About this exercise = When you transcribe the entries below, begin at their first line and stop after the line containing "2000只/箱 克重:6g±/只 409.3g±/盒"; pictures stay out.

Extracted data entries

*** Block opens ***

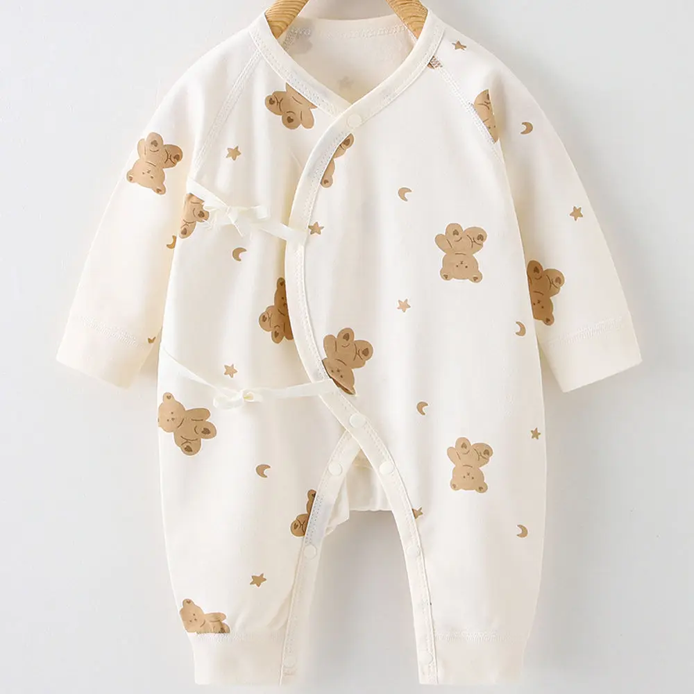 Newborn Solid Color Embroidered Infant Long Sleeves Romper Bear Baby Printing Bodysuit Clothing Cotton Jumpsuit
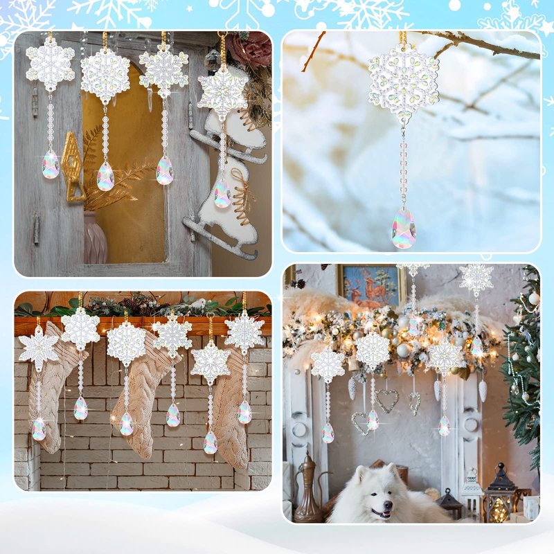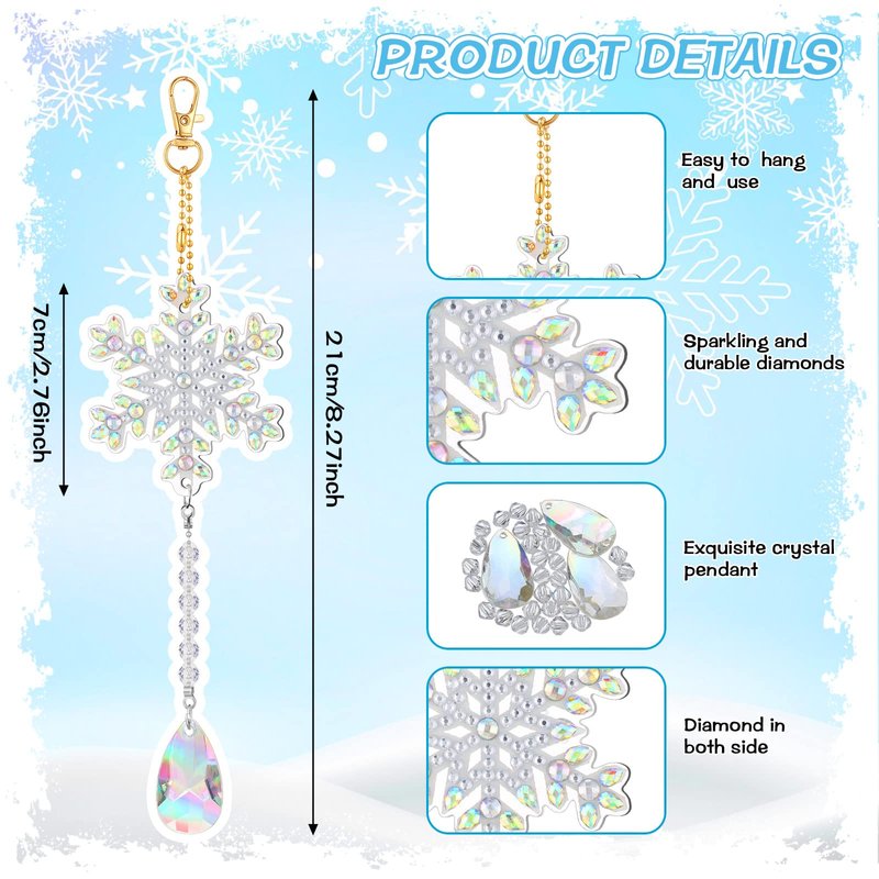 6 Pieces Winter Snowflake Painting Kits Double Sided Painting Suncatchers Wind Chimes Hanging Diamond Accessories for Kids DIY Crafts Christmas Home Windows Decoration
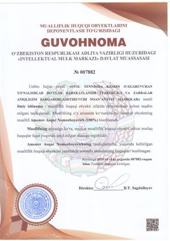 | 2222 | №007882 | Ilmiy ishlanma - "STOL TENNISIDA KESKIN OʻZGARUVCHAN YOʻNALISHLAR BOʻYLAB HARAKATLANISH TEZKORLIGI VA ZARBALAR ANIQLIGINI BARQARORLASHTIRUVCHI NOANʼANAVIY MASHQLAR" | Amonov Asqar Nomozboyevich (100%) | Amonov Asqar Nomozboyevich | 08/14/2024 | ![]() |
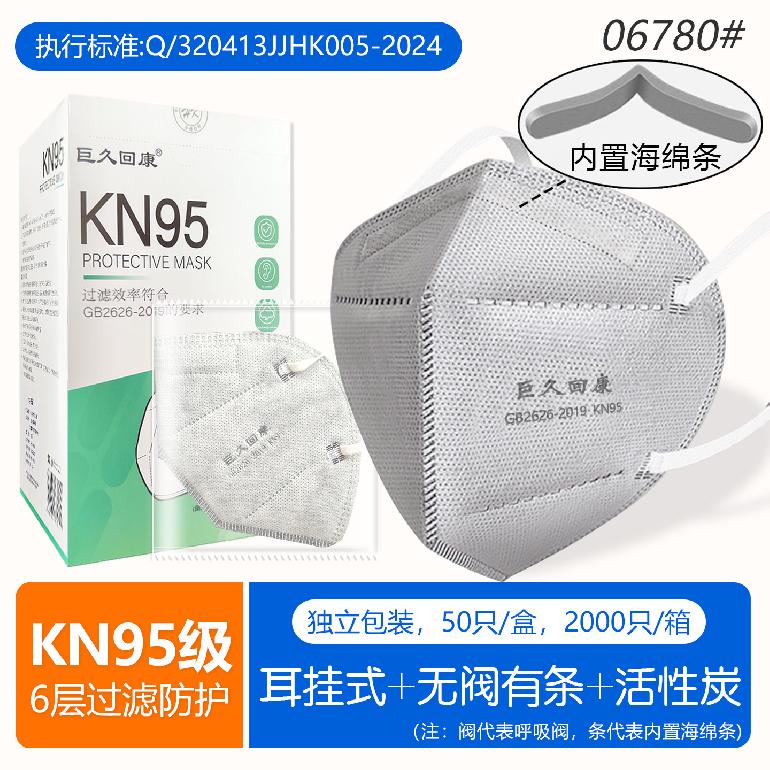 06780#企标巨久回康★耳挂式.无阀6层★kn95灰色活性炭口罩★50只/盒(有内条) 执行标准:Q/320413JJHK005-2024 箱尺寸:66*63*49cm 数量:独立装 50只/盒 2000只/箱 克重:6g±/只 409.3g±/盒
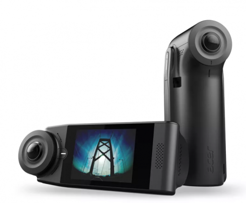 Acer กลายเป็นอีกค่ายมือถือที่หันมาจับตลาดกล้อง 360 องศาแบบจริงจัง ด้วยการเปิดตัวกล้องรุ่นใหม่พร้อมกันถึง 2 รุ่น โดยรุ่นแรกมีชื่อว่า Acer Holo360 ตัวกล้องมีขนาดพอๆกับสมาร์ทโฟนมาพร้อมเลนส์สองตัวหน้าหลังสามารถถ่ายวิดีโอ 360 องศาที่ความละเอียด 4K ใช้ขุมพลัง Qualcomm Snapdragon 625 ในการประมวลผล มีหน้าจอขนาด 3 นิ้วด้านหลัง พร้อมระบบปฏิบัติการแอนดรอยด์ 7.1 แถมเชื่อมต่อ LTE ได้ด้วย ช่วยให้เราถ่ายและแชร์ภาพได้ง่ายและสะดวกขึ้นแม้ไม่มีมือถือก็ตาม
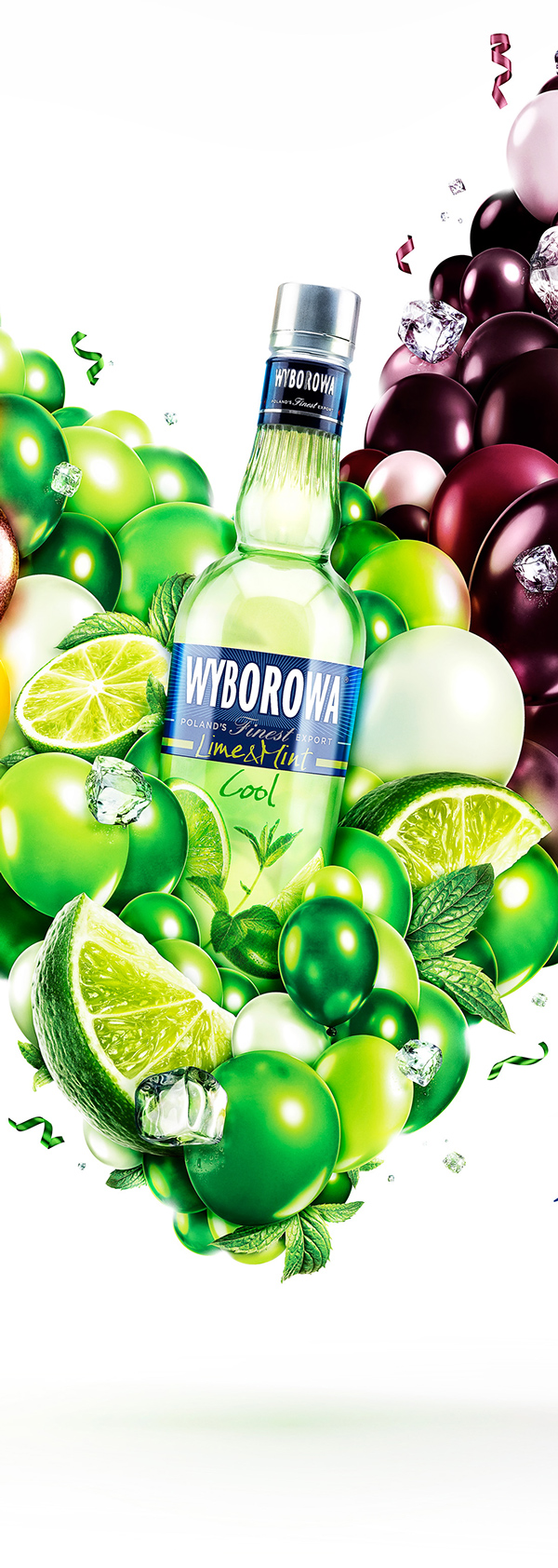 這組食品海報(bào)的創(chuàng)意挑戰(zhàn)在于背景元素的制作,通過(guò)3d建模渲染出靚麗的氣球元素和水果元素,通過(guò)兩者的結(jié)合擺出以一組動(dòng)感的構(gòu)圖,從而體現(xiàn)了WYBOROWA的年輕時(shí)尚的概念。
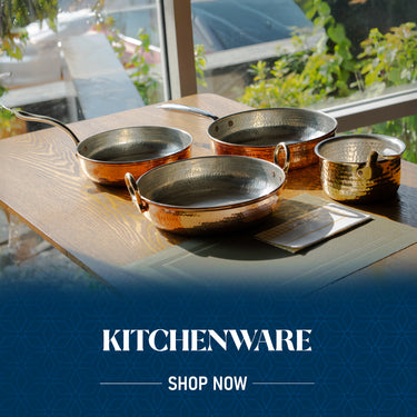 Embrace authentic craftsmanship with our meticulously crafted copper, brass, and bronze utensils, ensuring durability and timeless elegance.

*** Block closes ***

Written reply =
 Newborn Solid Color Embroidered Infant Long Sleeves Romper Bear Baby Printing Bodysuit Clothing Cotton Jumpsuit
 6 Pieces Winter Snowflake Painting Kits Double Sided Painting Suncatchers Wind Chimes Hanging Diamond Accessories for Kids DIY Crafts Christmas Home Windows Decoration
 | 2222 | №007882 | Ilmiy ishlanma - "STOL TENNISIDA KESKIN OʻZGARUVCHAN YOʻNALISHLAR BOʻYLAB HARAKATLANISH TEZKORLIGI VA ZARBALAR ANIQLIGINI BARQARORLASHTIRUVCHI NOANʼANAVIY MASHQLAR" | Amonov Asqar Nomozboyevich (100%) | Amonov Asqar Nomozboyevich | 08/14/2024 | ![]() |
 06780#企标巨久回康★耳挂式.无阀6层★kn95灰色活性炭口罩★50只/盒(有内条) 执行标准:Q/320413JJHK005-2024 箱尺寸:66*63*49cm 数量:独立装 50只/盒 2000只/箱 克重:6g±/只 409.3g±/盒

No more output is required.